A Californian Cannabis Company Has Launched Wine and Weed Pairings
If you’ve ever wondered how to pair cannabis with wine a new tasting menu in the heart of California’s wine producing region can show you what ganja goes with a gewurztraminer and what blow compliments a Bordeaux.
The Sonoma Cannabis Company grows 100% organic, sustainable, naturally concentrated cannabis and some of the descriptions for the company’s range of products read like wine labels – a tasty blend of floral and citrus flavours, a rich, earthy foundation and delicate berry top notes – so it was only a matter of time before the two products came together along with fine-dining. Founder Sam Edwards offers a set menu featuring dishes such as cannabis pesto, paired with a crisp chardonnay, while other dishes include cannabis flowers.
‘Wine and Weed’ symposium
The dinners are part of a growing trend looking at ways that these two horticultural industries can potentially work together. A ‘Wine & Weed’ symposium is planned for August 2017 – the first of its kind – which hopes to explore the opportunities and issues that the legalisation of cannabis presents to the Californian wine industry. Topics for discussion include growing cannabis in the vineyard, the legalities of growing cannabis, and even how to produce cannabis-infused wine.
As the website states, ‘the cannabis and wine industry have more in common than what one might see at first glance. Both industries are based in rural areas with a major emphasis on agriculture and quality’.

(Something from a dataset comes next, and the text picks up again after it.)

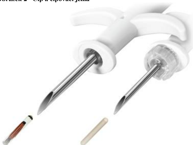
Obrázek 2 - Čip a čipovací jehla

Symposium organiser George Christie, president of Wine Industry Network, planned the day-long event after a single hour talk at a previous conference was packed and went on for over two hours. ‘We want to leave people with a better understanding of what the recent legalization of cannabis means for the wine industry, and what opportunities present themselves as a result,’ said George in a recent interview.
Will Trump ban cannabis?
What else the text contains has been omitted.